Prognostic markers are greatly needed to detect patients with rheumatoid arthritis (RA) at high risk of developing a destructive form of the disease as this may influence the choice of early treatment. Among the cytokines produced by the inflammatory synovium, interleukin 1 (IL1) appears to have a predominant role in joint destruction. Specific regulation of IL1 involves natural mechanisms, including soluble IL1 receptors, IL1 receptor antagonist (IL1ra), and anti-IL antibodies.1,2 Autoantibodies directed against cytokines were first described in 1989 as being mostly of the IgG isotype and binding with high affinity mainly to IL1α.

It is easy to imagine that defects in this natural regulation may contribute to changes in disease incidence and severity. However, definite demonstration of this association needs confirmation from different studies. With reference to the new study published in this issue of the Annals,3 we will focus on the effect of autoantibodies to IL1α on disease presentation.
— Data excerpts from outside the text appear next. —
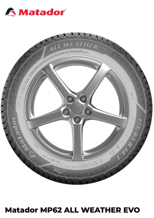 Matador MP62 All Weather Evo je moderná celoročná pneumatika vyvinutá pre vodičov, ktorí chcú jazdiť celý rok bez potreby prezúvania. Vďaka technológiám koncernu Continental kombinuje spoľahlivý výkon na mokrej vozovke, istotu na snehu a stabilitu v letných teplotách. MP62 je ideálne riešenie pre mestské a prímestské jazdenie, kde sa často striedajú rôzne podmienky.
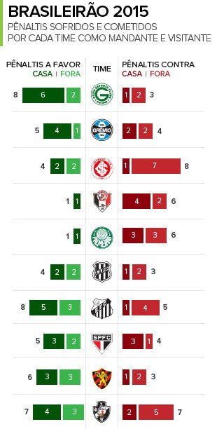 Ao longo do Brasileirão, os times que tiveram mais penalidades a favor foram Goiás e Santos, com oito cada. O Esmeraldino teve seis pênaltis assinalados no Serra Dourada e mais dois fora de casa. O Alvinegro Praiano obteve cinco cobranças na Vila Belmiro e outras três no território adversário. As equipes com menos pênaltis pró são Joinville e Palmeiras, ambos com apenas um.
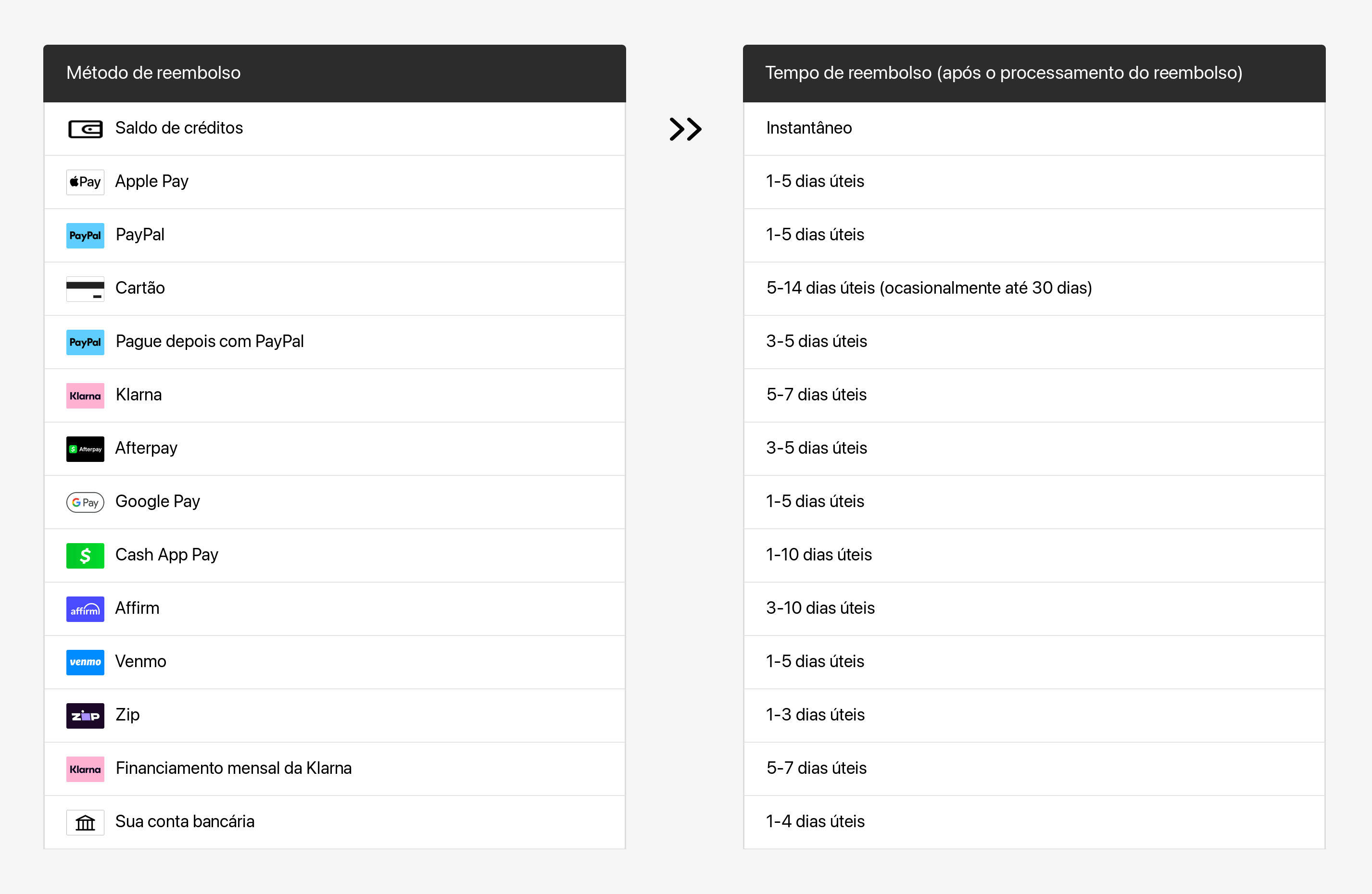 Após o processamento do reembolso, sua instituição financeira ainda levará mais um tempo para exibi-lo em sua conta. Consulte a tabela a seguir para obter mais detalhes.
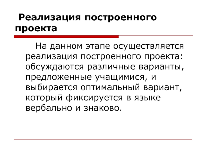 различные варианты, предложенные учащимися, и выбирается оптимальный вариант, который фиксируется в языке вербально и знаково.
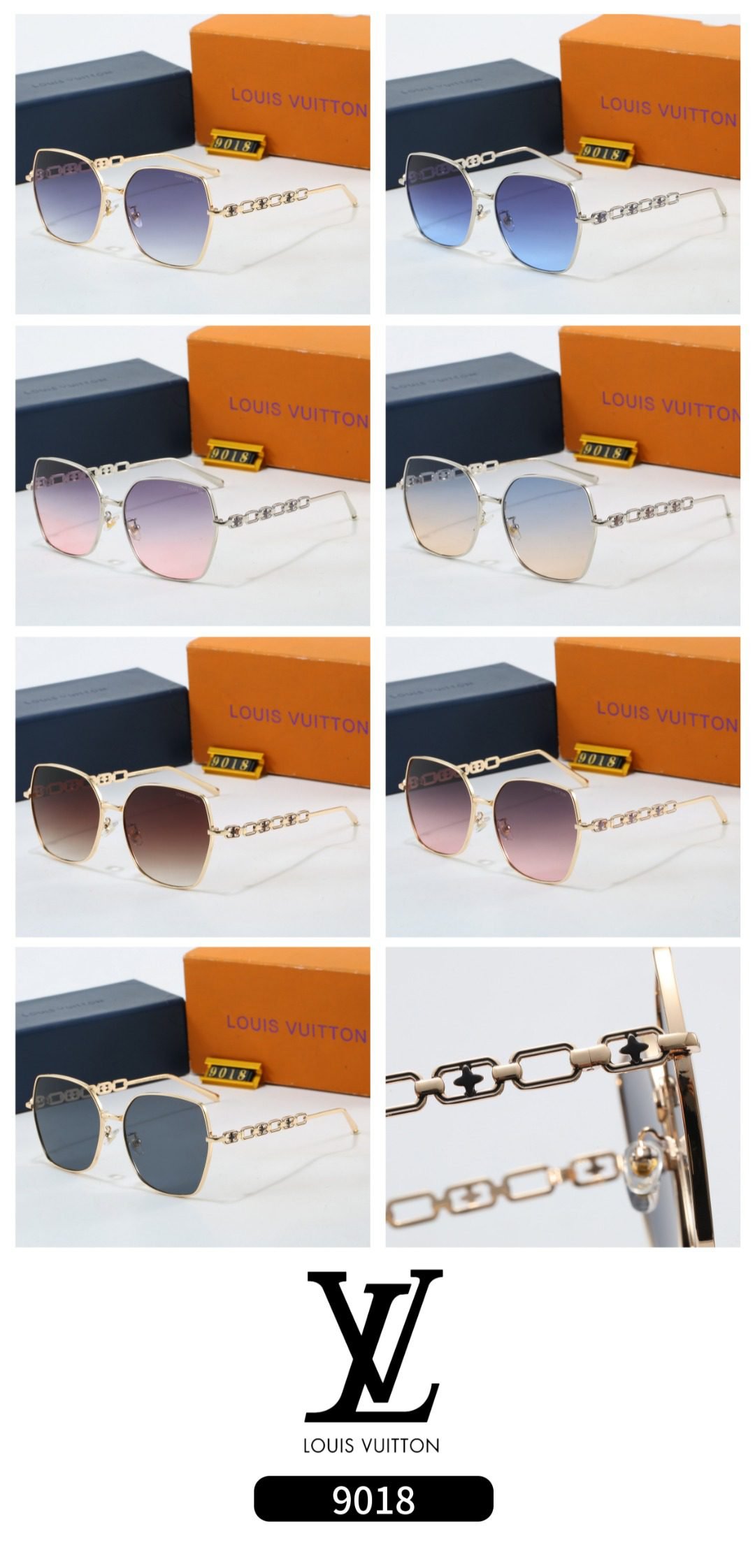 Elevate your accessory collection with Louis Vuitton’s sunglasses (Model 9018). Featuring a range of stylish options—from frames with elegant chain detailing in gold and silver tones to designs with gradient – tinted lenses in purple, blue, pink, and more—these sunglasses blend a chic silhouette with the brand’s signature luxury.
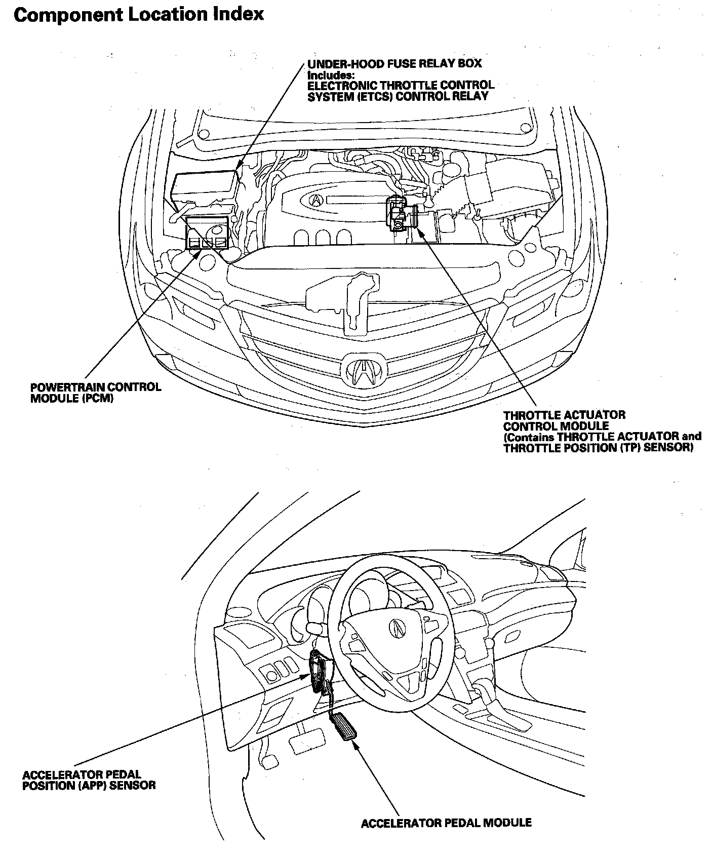 Electronic Throttle Control System Component Location Index:

The classical way of detecting antibodies to IL1α is by a precipitation method, in which antibodies bind the radiolabelled human [125I]IL1α.4 The antibody-cytokine complex is then precipitated with polyethylene glycol (PEG). After centrifugation, radioactivity is measured in the pellet. Levels of antibodies are calculated as the percentage of [125I]IL1α precipitated.

Protein G immunoprecipitation is more specific than PEG precipitation, which allows precipitation of other than IgG complexes.5 It is antibody specific, binding to all IgG subclasses. In addition, it prevents interactions with other IL1 regulatory molecules, such as soluble IL1 receptors, IL1, or IL1ra. Antibodies can also be detected by an enzyme linked immunosorbent assay (ELISA), in which the cytokine bound to the ELISA plate is incubated with serum or plasma.6 After washes, the antibody bound to the cytokine is detected with an antihuman IgG enzyme labelled secondary antibody.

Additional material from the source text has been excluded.